Nordwestgrat über das Graue
Nöckl
Schwierigkeit: ZS-
Der Hochgall ist einer der majestätischsten und imposantesten Gipfel der Ostalpen. Sein Normalweg führt von der (Alten) Kasseler Hütte (2276 m; Hochgallhütte, Rifugio Roma) über das Graue Nöckl (3084 m) und den Nordwestgrat zum Gipfel. Dabei erlebt man einen Berg, den man als streng bezeichnen kann, der aber nicht hinterhältig ist, sondern geradlinig und transparent. Die Anforderungen erreichen knapp die Stufe einer ziemlich schwierigen Hochtour (ZS-) und damit ist der Hochgall einer der schwierigsten Zentralalpengipfel östlich des Brennerpasses. Wer diese Klassetour erlebt hat und wen die starken Eindrücke nicht loslassen, die der höchste Berg der Rieserfernergruppe bei seiner Besteigung hinterlässt, der kann wahrscheinlich meine Einstufung verstehen: Ich denke, der Hochgall gehört zu den drei Top-Gipfeln der Hohen Tauern, zu denen ich auch den Großglockner und den Großvenediger zähle. Nicht nur, weil er schwieriger ist als die beiden anderen, sondern auch ursprünglicher und eindrücklicher, würde ich ihn persönlich sogar über den Glockner und den Venediger stellen.

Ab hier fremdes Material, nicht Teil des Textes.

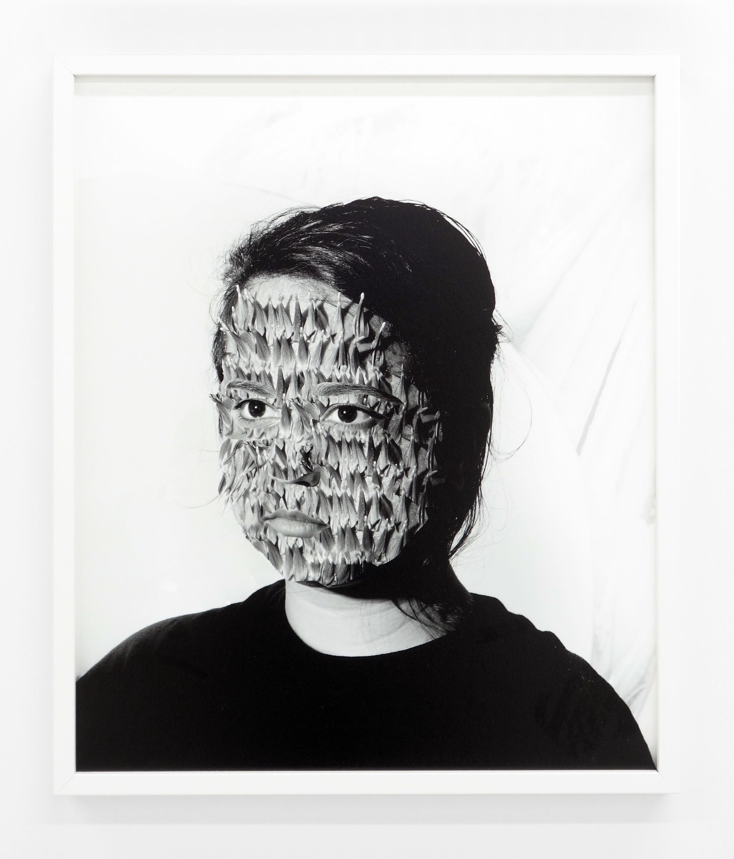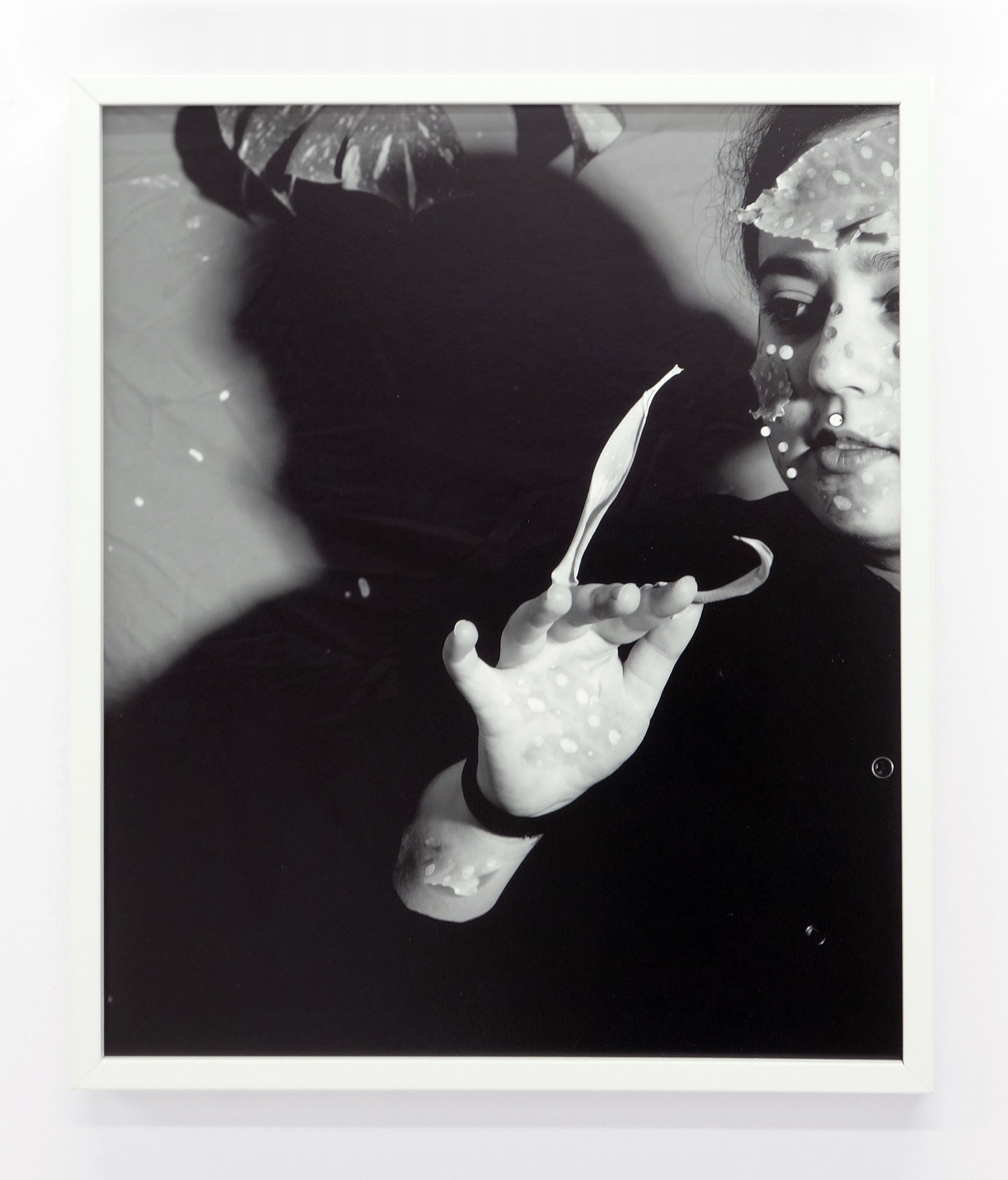 Azar’s black-and-white self-portraits limn the overarching theme of staid motion, freezing the artist in moments of varied confluence between flora and the understood human form. It is unclear in which direction one overtakes the other—much like a transitional still from the holographic covers of the 1990s science-fantasy series Animorphs. Alternatively, Azar portrays glimmers of a future in which the boundaries between nature and the body have increasingly withered away. In their place, the artist accentuates the modes of care and emotional resolve that materialize in times of vulnerable uncertainty.
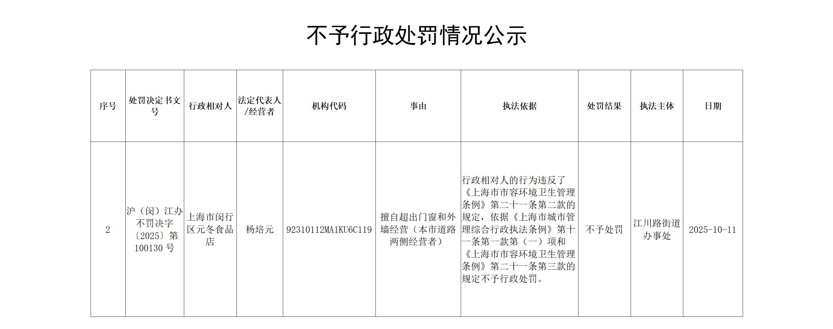 关于对行政相对人上海市闵行区元冬食品店不予行政处罚的情况公示.png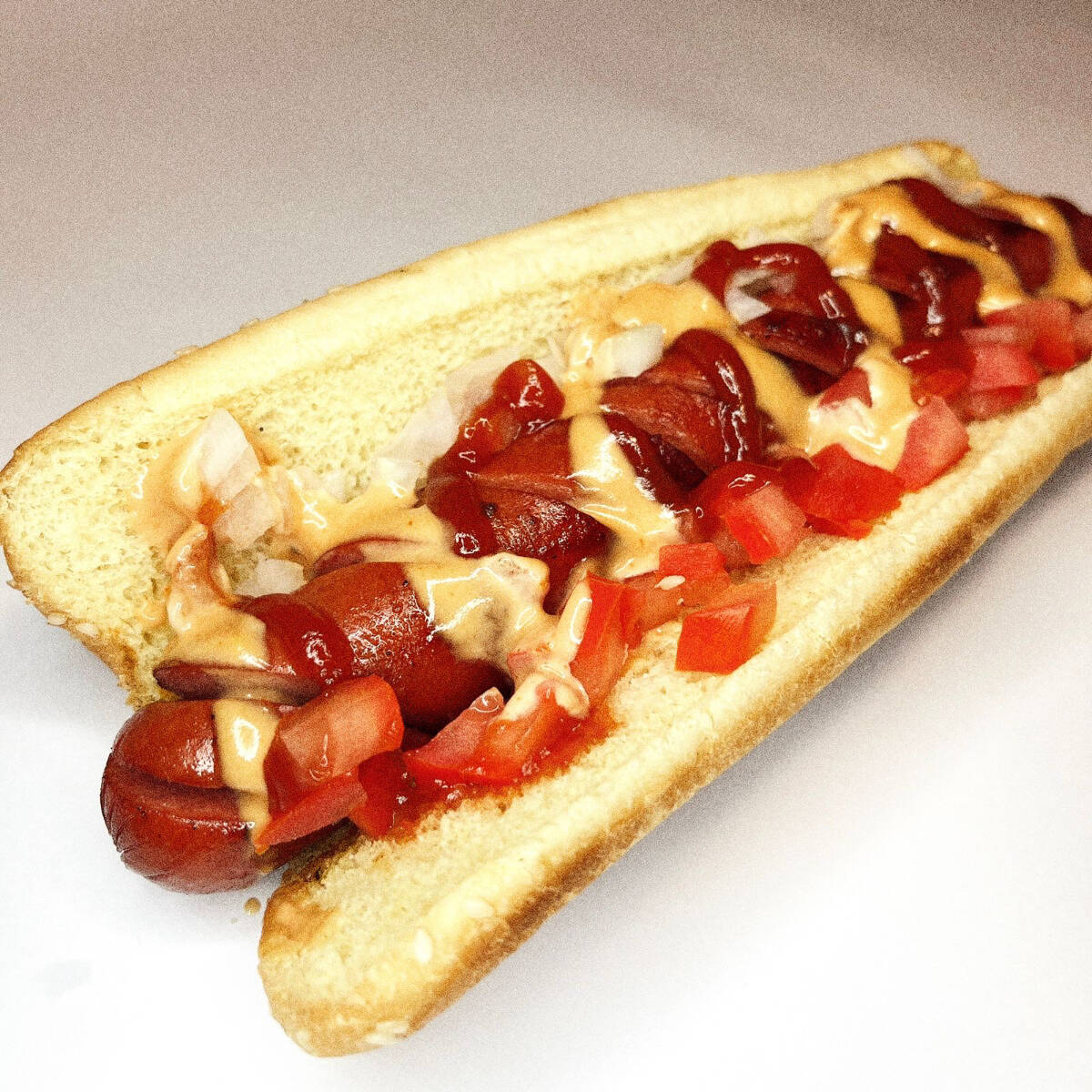 Salchicha de res, jalapeño, tomate, cebolla, pepinillos y aderezos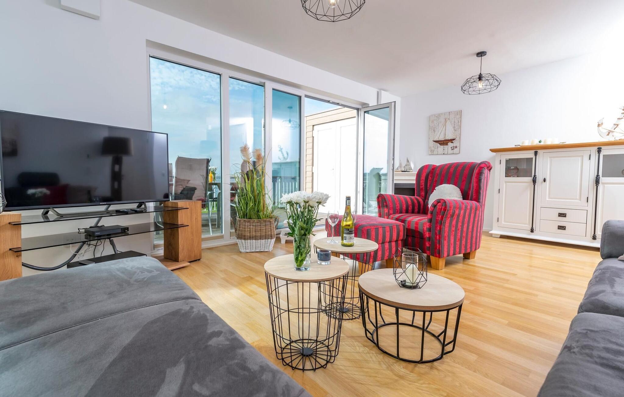 Liebevoll eingerichtet und hochwertig ausgestattet, auch die Wohnküche lässt keine Wünsche offen. Hier lassen sich köstliche Urlaubsmahlzeiten zaubern. Fußbodenheizung, Elektro-Kaminofen und privater Wellnessbereich spenden wohligen Komfort zu jeder Jahreszeit. Zurück von einem Strandspaziergang lässt es sich in der finnischen Sauna mit Wasserblick oder in der Whirlwanne tiefenentspannen. Für Indoor Entertainment sorgen auch der Smart TV mit Blue Ray Player, Radio, diverse Filme und Spiele.

Der Hochgall war für mich persönlich immer eine Messlatte, ein Prüfstein, der bezogen auf meine Alleintouren für meine obere Grenze stand. Über einen Zeitraum von 12 Jahren verzichtete ich immer wieder einmal auf einen Besteigungsversuch: Mal wich der Neuschnee zu langsam aus seinem obersten Gratabschnitt, mal glaubte ich durch die Anstrengungen einer anderen Tour nicht genügend „auf der Höhe“ zu sein und manchmal gab ich mich einfach zufrieden mit den Touren eines Jahres und verschob den Hochgall auf ein neues Jahr. Es ist halt ein Berg, der witterungsmäßig nicht so oft geeignet ist und für den ein durchschnittlicher Bergsteiger in guter Form sein sollte. Schließlich wählt man sich ja eine Messlatte, um sie zu schaffen!
Am 20. August 2023 stimmte dann endlich alles bei mir: Eine stabile Hitzeperiode hatte den Neuschnee vollständig abgeschmolzen und Akklimatisation und Fitnessstand passten auch. Auf der Kasseler Hütte hatte ich mit einem vom Hochgall zurückkehrenden Bergsteiger gesprochen. Er betonte die Länge der Kletterei und die andauernden Anforderungen an Konzentration, Kletterroutine und Schwindelfreiheit. Sein Fazit, das ich hiermit weitergebe: Man sollte beim Aufstieg „durchziehen“ und zum „Durchziehen“ auch in der Lage sein. Diese Taktik bewährte sich bei meinem Aufstieg und verschaffte mir genügend Zeit für den Abstieg. Das ist gut, weil man beim Abstieg wahrscheinlich schon etwas müde ist, aber weiterhin die volle Konzentration braucht. Die Schwierigkeiten erreichen oft den 2. Grad, so oft, dass ich mir das Zählen der „Zweierstellen“ für die Tourenbeschreibung sparen konnte. Darüber hinaus ist es für jeden Neuling auf diesem Berg nicht unwahrscheinlich, dass ihm auch einmal eine Stelle 2+ oder sogar 3- unterkommt. Dass man nicht ständig das leichteste Durchkommen findet, liegt an der schieren Länge der Kletterei: Es sind mindestens 550 Höhenmeter im Aufstieg und ebenso viele im Abstieg zu klettern. Wenn man die horizontale Dimension einbezieht, hat man es mit etwa 1800 Metern (leichter) Kletterei zu tun. Aber das in wirklich gutem Fels, der die Nerven beruhigt und die Kletterei zum Vergnügen macht.